Sono molte le misure, quindi accenno soltanto velocemente ad alcune. Un altro aspetto importante è quello dell'accessibility manager. Il manager dell'accessibilità e il manager della disabilità: molti comuni fanno fare all'uno quello che dovrebbe fare l'altro. Ci si occupa giustamente dell'integrazione del disabile, per esempio, nel mondo del lavoro. Noi speriamo che vengano approvate tutte le norme e rese attuali, anche quelle del Jobs Act e le norme di integrazione lavorativa dei portatori di disabilità che sappiamo essere, anche queste, molto rallentate nel nostro Paese e a macchia di leopardo. Ma il manager dell'accessibilità fa un'altra cosa, fa una progettazione non a silos dell'accessibilità urbana della città e quindi deve lavorare in modo orizzontale nelle varie materie che riguardano proprio la parte urbanistica, architettonica e di progettazione.

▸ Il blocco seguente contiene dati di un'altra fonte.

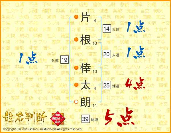 片根倖太朗さんの総運は39画の5点!
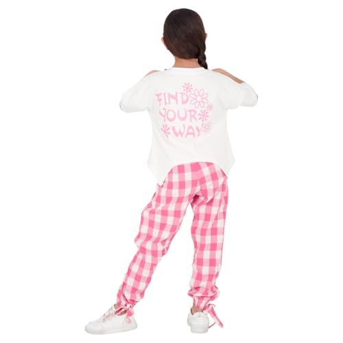 Choice N.C - طقم بناتي صيفي تيشرت سنجل ليكرا قطن وبنطلون كاروه كوريشه قطن طباعة your way تصميم عملي ومريح خفيف الصيف CODE 2042
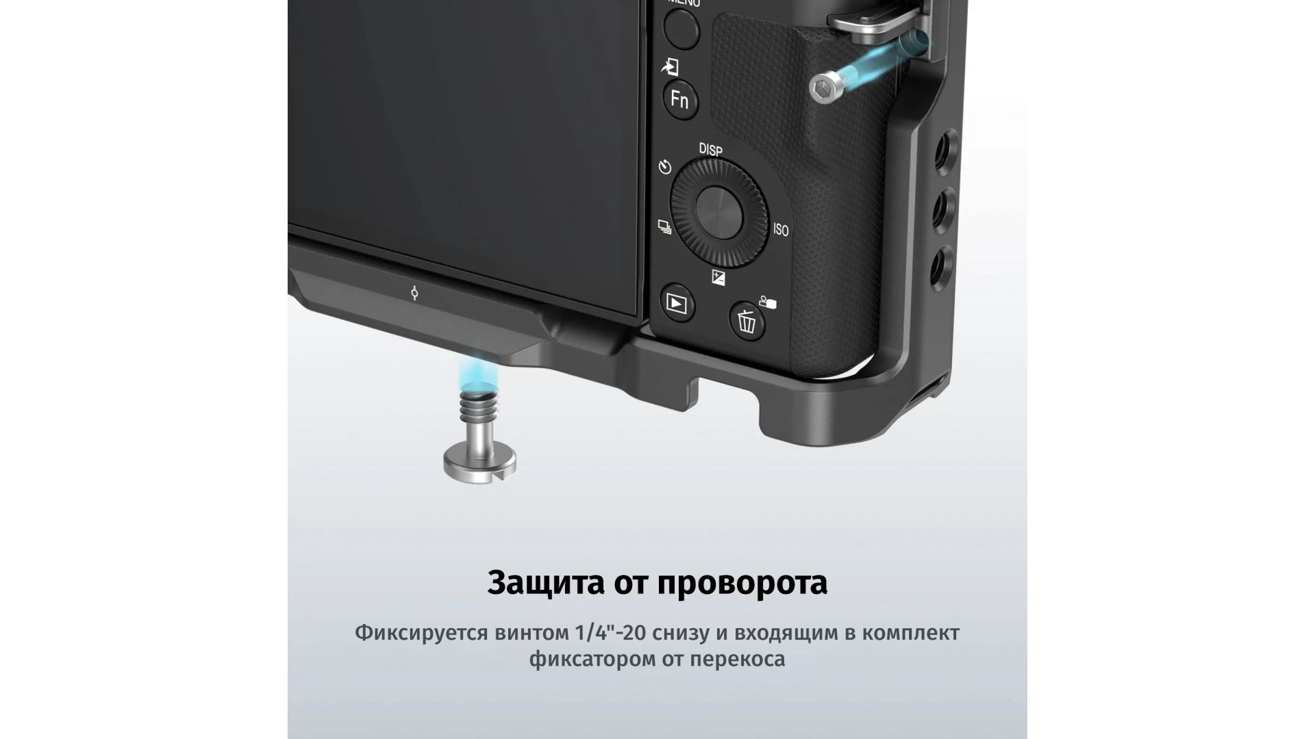 Клетка имеет в верхней и нижней части резиновые прокладки. Благодаря им исключается образование потертостей и царапин на поверхности камеры. Поставляется со съемным фиксатором, исключающим скручивание, и с магнитной отверткой для удобства сборки/разборки.
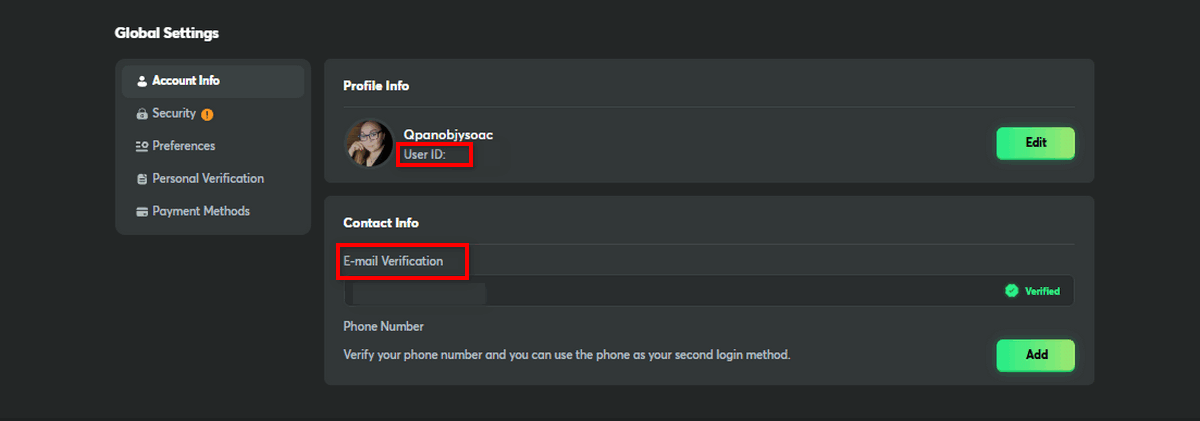 - Email address. The email linked to your account at registration remains permanently associated. It’s essential for account recovery and security alerts.
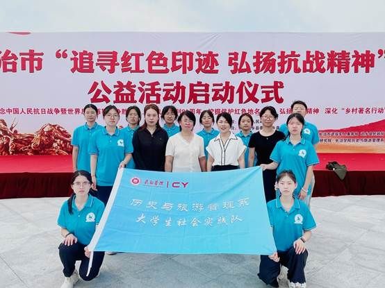 今年是中国人民抗日战争暨世界反法西斯战争胜利80周年,,2025年7月3日,由长治市人民政府主办,中共武乡县委、武乡县人民政府协办,中国地名文化遗产保护促进会、长治市民政局、长治市退役军人事务局、武乡县民政局、武乡县退役军人事务局、长治市三晋地名文化研究院、长治学院历史与旅游管理系承办的长治市“追寻红色印迹 弘扬抗战精神”公益活动在武乡县八路军烈士陵园正式启动。作为活动的参与者,在我系副主任(主持工作)赵艳霞、系党委副书记郭海霞及指导教师姚瑶、王婧带领下,10名队员奔赴武乡县开启重走红色足迹、追溯红色记忆、访谈红色人物、调研红色地名等暑期社会实践活动。
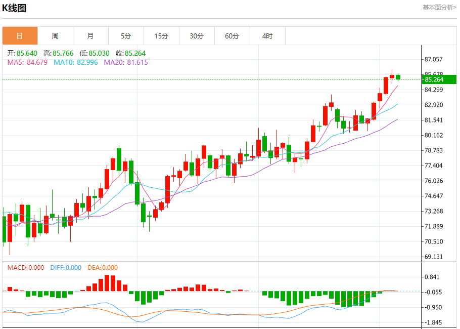 原油市场:截止北京时间20:21,美油下跌,现报85.264,跌幅0.40%。纽市盘前,原油价格下跌,逼近关键支撑位85.05美元。试图再次恢复,价格需要获得积极的动机,支持在即将到来的时期继续预期的看涨浪潮的机会。

Ho citato solo questa, Presidente, tra le tante questioni. Certamente, alla luce delle cose che stiamo dicendo in questa mozione, abbiamo anche la necessità di rifare un testo unico sulla materia e, quindi, di rivedere un po' anche la varia stratificazione di norme che c'è stata in questi anni, per rendere questa disciplina sempre più operativa, disancorarla da incagli burocratici e facilitare così la vita dei nostri cittadini ma anche quella degli operatori, che devono applicare queste norme spesso in contraddizione tra di loro o con ampi spazi di vulnerabilità, chiamiamola così, nelle varie amministrazioni.